Jim and I recently went on a date to see the movie “Fireproof” and I immediately thought, “This is a movie everyone needs to see!” Whether you’re married or single, you’ll find it entertaining and if you’re dating, engaged, or married you’ll find much in this movie that will speak to you.
The movie is all about the life and marriage of a fireman who seems to get all of the respect he could want in his job, but not nearly enough from his wife at home. You’ll find yourself laughing one moment and crying the next as you follow their journey from brokenness to healing.
Fireproof focuses on a few big issues that plague many marriages today but at the same time, covers the small issues that bring about the bigger problems. As I watched this film, I was challenged to examine my own life. I felt the major issues facing the main characters in the movie didn’t happen overnight and realized that the way I treat Jim today effects how our relationship will be five years from now.
One of the issues plaguing the characters in the movie is respect. They each feel their spouse doesn’t respect them as they should. The resentment they feel is so strong, it brings about bigger issues that they eventually have to deal with, reminding me that a good relationship starts with respect.
Also in the movie, the main character reads a book called “The Love Dare” causing him to examine how he treats his wife on a daily basis and challenging him to treat her with more thoughtfulness. Seeing this made me wonder, are we kind and thoughtful or do most of us go about our day only thinking of ourselves? Do we honor one another or do we spend most of our time arguing about the little things that nag at us until the argument becomes a big deal?

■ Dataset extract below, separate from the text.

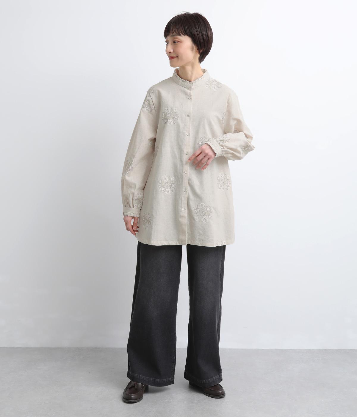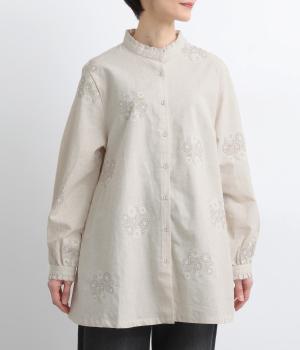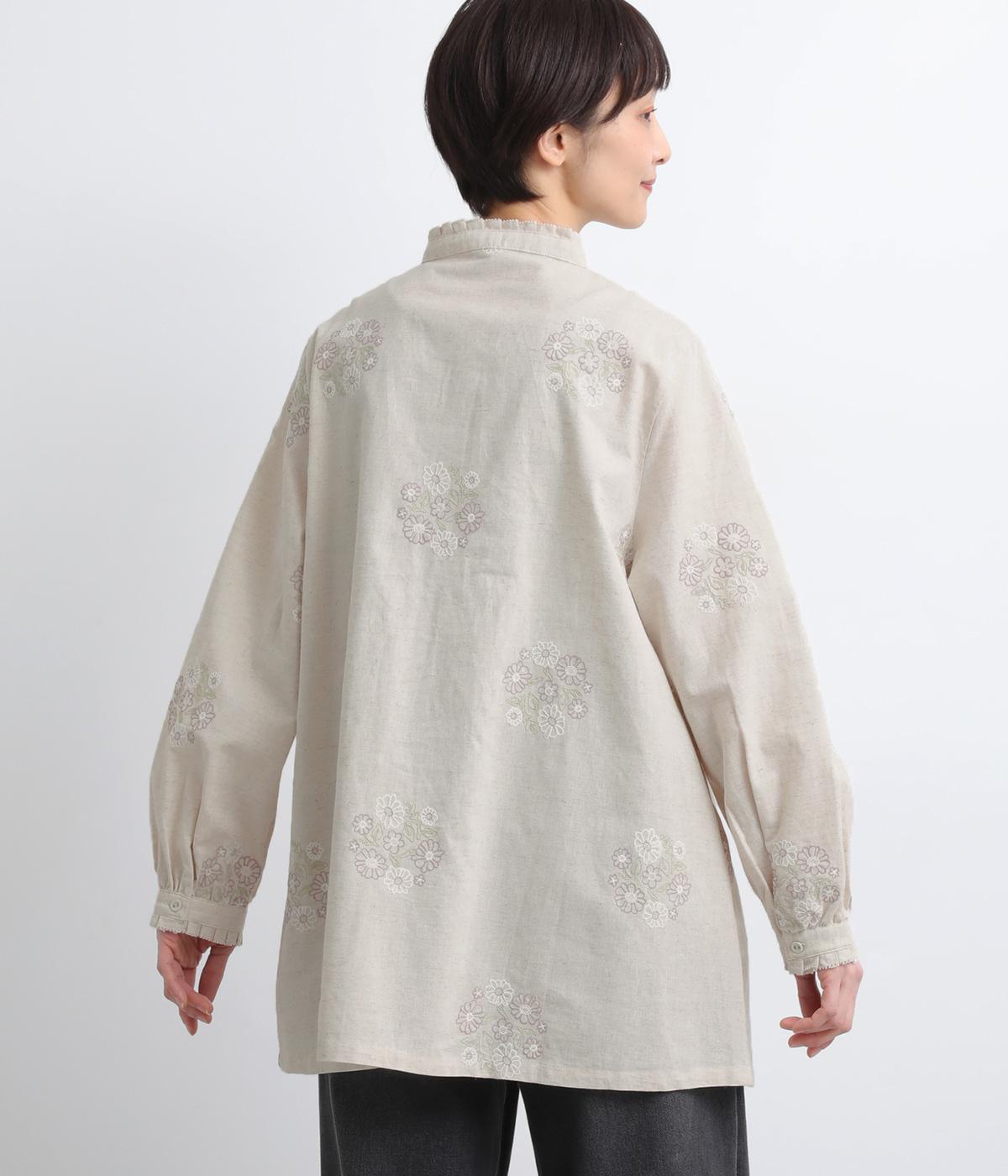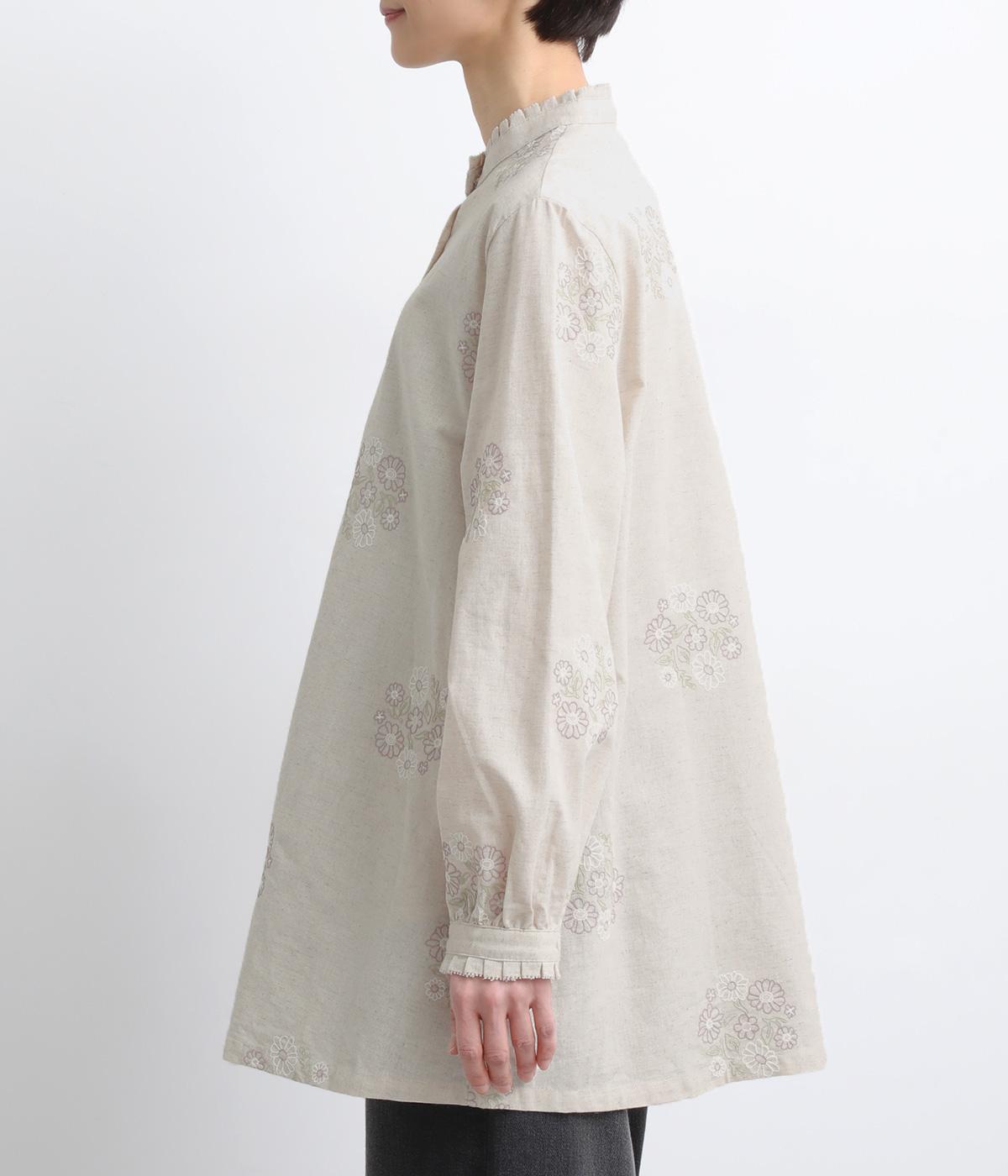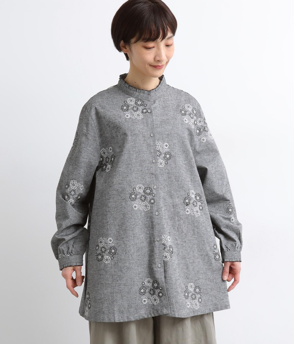 ころんとした丸みのあるフラワー刺しゅうが、やさしい表情を添えるブラウスです。タックフリルの襟元と袖口が、クラシックでフェミニンな印象を引き立てます。チュニック丈なので、腰まわりを自然にカバーしてくれるのもうれしいポイント。前をあけて、羽織りとしての着こなしもおすすめです。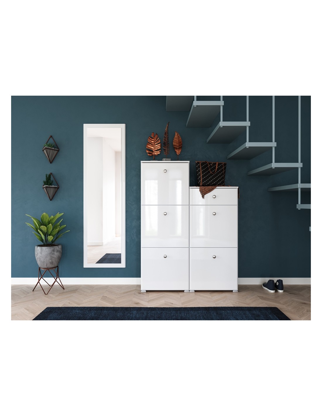 Vægspejl i mdf og glas H170 x B50 cm - Hvid højglans

I just love a line from one of the songs in the movie that says “love is not a fight, but it’s something worth fighting for”. Oh how we need to be reminded of that! We need to look into our relationships and remind ourselves that this is important and definitely worth fighting for! We aren’t to be fighting one another, but rather fighting FOR one another. Remember, no one else can make our relationships better for us. That is something only we can do.